Exercise details -
Your output should consist of the lines from the first line of the records below through the one with "SENSOR MERINO UPPER", exactly, minus the pictures.

Input records -

*** Begin section ***

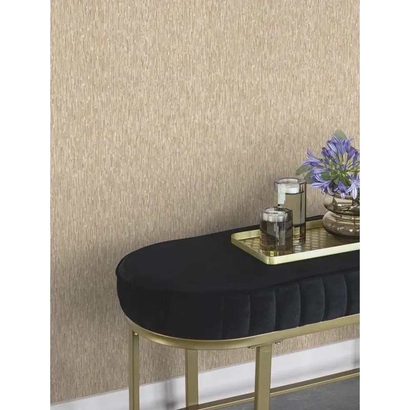 Este Papel pintado moderno efecto textil negro y dorado perfecto para crear espacios acogedores con personalidad, aportando textura y luz a la decoración interior. Rasch Perfecto VI 844269.
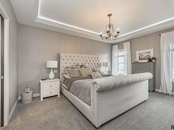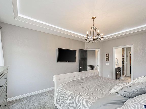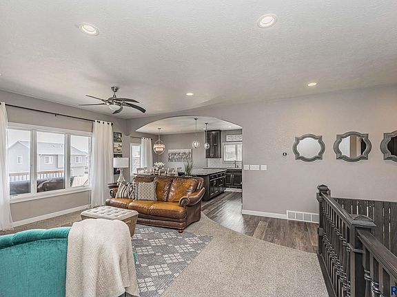 Remarkable walkout ranch custom built in 2016 across from the public elementary school. The design includes an open living, kitchen and dining area, 3 bedrooms and 3 bathrooms all on the main level, and main floor laundry. The kitchen includes custom built floor to ceiling cabinets, subway style backsplash, and large island. The master suite hosts a 5x5 tiled shower, heated tiled floors, duel onxy vanity sinks, and an impressive walk in closet. Large Anderson windows across the back of the house welcomes the natural light. The finished lower level features a large wet bar, ample space for more entertaining, 2 additional bedrooms with a full bathroom, and an enormous family room that walks out to the lower level. The oversized heated garage gives you more entertaining space in the winter or summer months. Owner is a licensed Realtor in South Dakota.
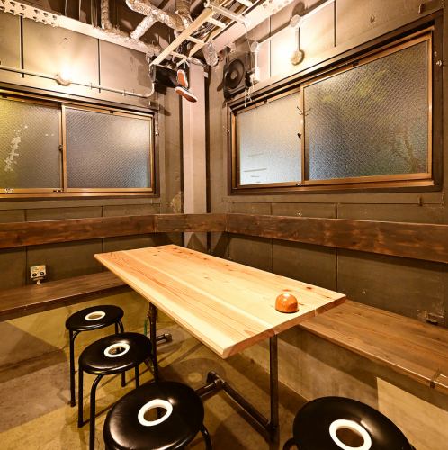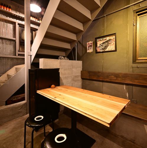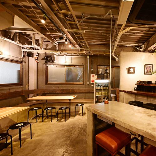 店内はインダストリアルな大人空間。仲間とワイワイ楽しめる個室や一人飲みにぴったりのカウンター席、デートにおすすめの秘密基地のような階段下の2名様ソファー席などご用意しております。
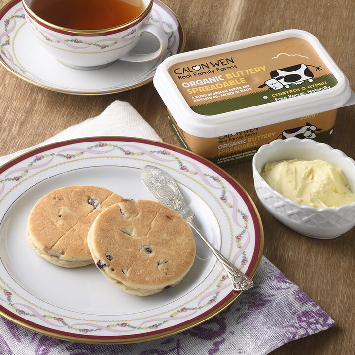 ■PART2〈カロンウェン〉×〈タンカステル〉 ウェルシュケーキとウェルシュスプレタブルバター組み合わせ (スプレタブルバター250g/ウェルシュケーキ6枚入り) ウェルシュケーキは英国ウェールズの伝統菓子です。中はしっとりほくほく、外側はサクサクしたパンケーキ、スコーン、ショートブレッドの食感を併せ持つ独特な優しい甘さのお茶菓子。現地では、温めたウェルシュケーキに有塩バターを塗って食べるのが一般的。農薬を使わない牧草のみを食べてのびのび育った牛の生乳を使って作ったオーガニックの有塩スプレタブルバターは滑らかでミルキーな味わいです。
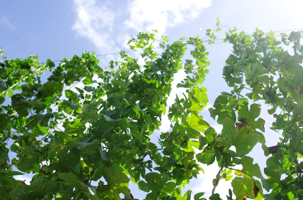 た、高い!ホップは7~8mまで伸び、品種によっては12mにも及ぶそうです。
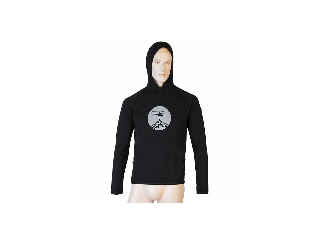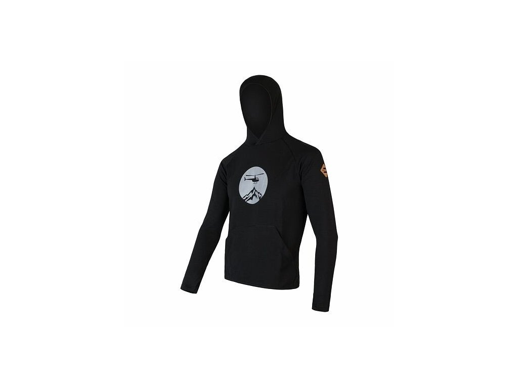 SENSOR MERINO UPPER HELI pánska klokanka s kapucňou čierna
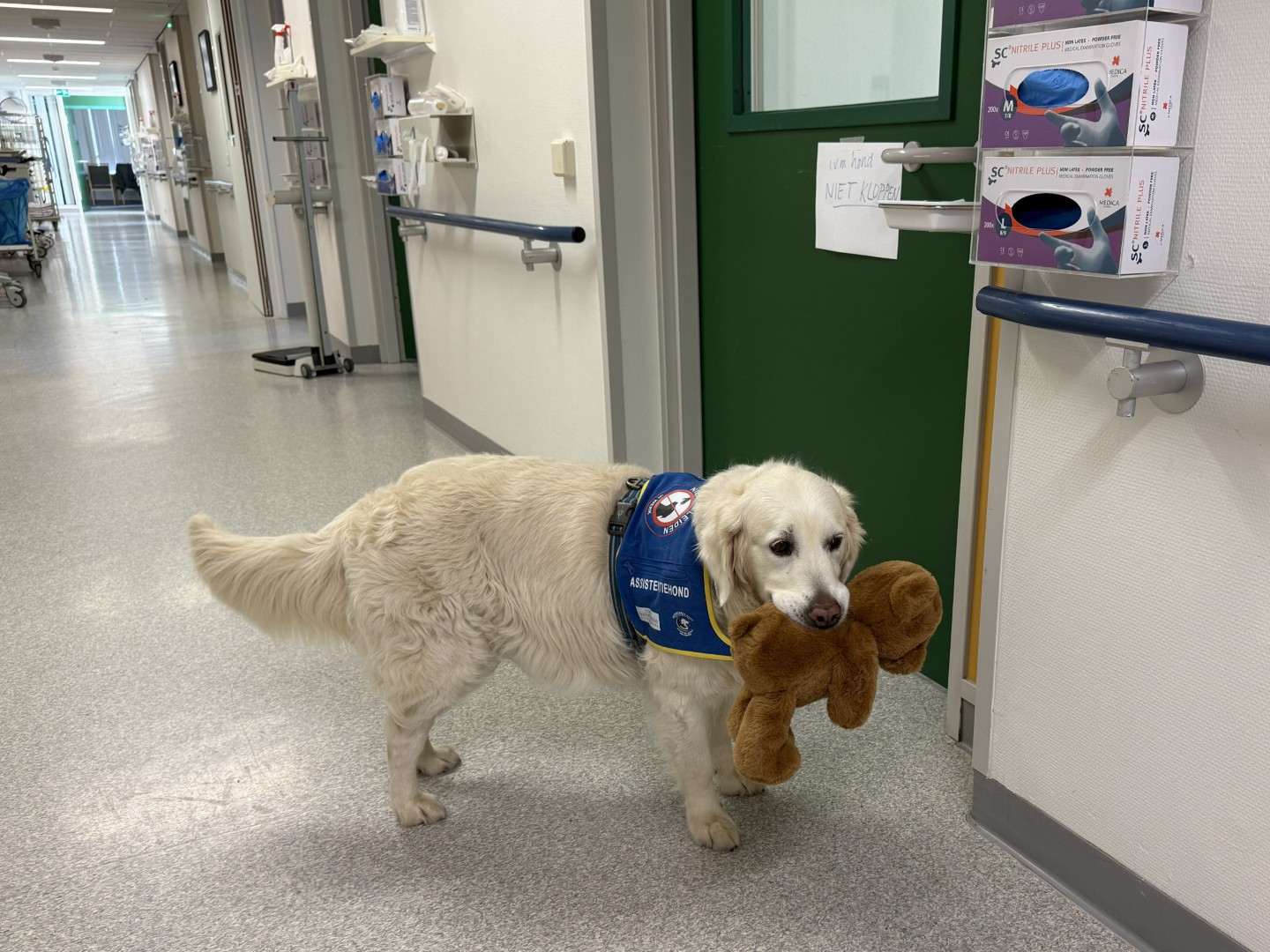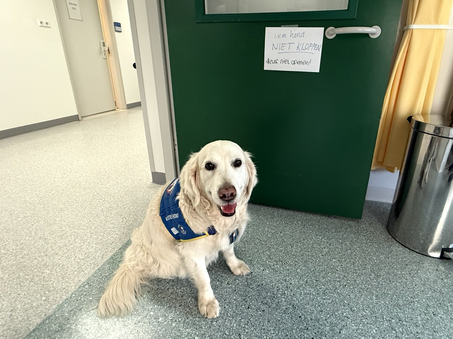 Toen ik naar een MRI-onderzoek moest, kon Plouf vanzelfsprekend niet mee. Ze mocht gewoon op de kamer blijven, terwijl de medewerkers van de afdeling een oogje in het zeil hielden. Plouf vond het niet leuk, maar ze aanvaardde het. Er werd al snel een briefje op de deur geplakt met de tekst ‘In verband met hond NIET KLOPPEN’. Kloppen voordat je ergens binnenkomt is een mooie vorm van beleefdheid, maar Plouf gaat dan blaffen om mij te waarschuwen.

*** End section ***

Answer to the exercise -
 Este Papel pintado moderno efecto textil negro y dorado perfecto para crear espacios acogedores con personalidad, aportando textura y luz a la decoración interior. Rasch Perfecto VI 844269.
 Remarkable walkout ranch custom built in 2016 across from the public elementary school. The design includes an open living, kitchen and dining area, 3 bedrooms and 3 bathrooms all on the main level, and main floor laundry. The kitchen includes custom built floor to ceiling cabinets, subway style backsplash, and large island. The master suite hosts a 5x5 tiled shower, heated tiled floors, duel onxy vanity sinks, and an impressive walk in closet. Large Anderson windows across the back of the house welcomes the natural light. The finished lower level features a large wet bar, ample space for more entertaining, 2 additional bedrooms with a full bathroom, and an enormous family room that walks out to the lower level. The oversized heated garage gives you more entertaining space in the winter or summer months. Owner is a licensed Realtor in South Dakota.
 店内はインダストリアルな大人空間。仲間とワイワイ楽しめる個室や一人飲みにぴったりのカウンター席、デートにおすすめの秘密基地のような階段下の2名様ソファー席などご用意しております。
 ■PART2〈カロンウェン〉×〈タンカステル〉 ウェルシュケーキとウェルシュスプレタブルバター組み合わせ (スプレタブルバター250g/ウェルシュケーキ6枚入り) ウェルシュケーキは英国ウェールズの伝統菓子です。中はしっとりほくほく、外側はサクサクしたパンケーキ、スコーン、ショートブレッドの食感を併せ持つ独特な優しい甘さのお茶菓子。現地では、温めたウェルシュケーキに有塩バターを塗って食べるのが一般的。農薬を使わない牧草のみを食べてのびのび育った牛の生乳を使って作ったオーガニックの有塩スプレタブルバターは滑らかでミルキーな味わいです。
 た、高い!ホップは7~8mまで伸び、品種によっては12mにも及ぶそうです。
 SENSOR MERINO UPPER HELI pánska klokanka s kapucňou čierna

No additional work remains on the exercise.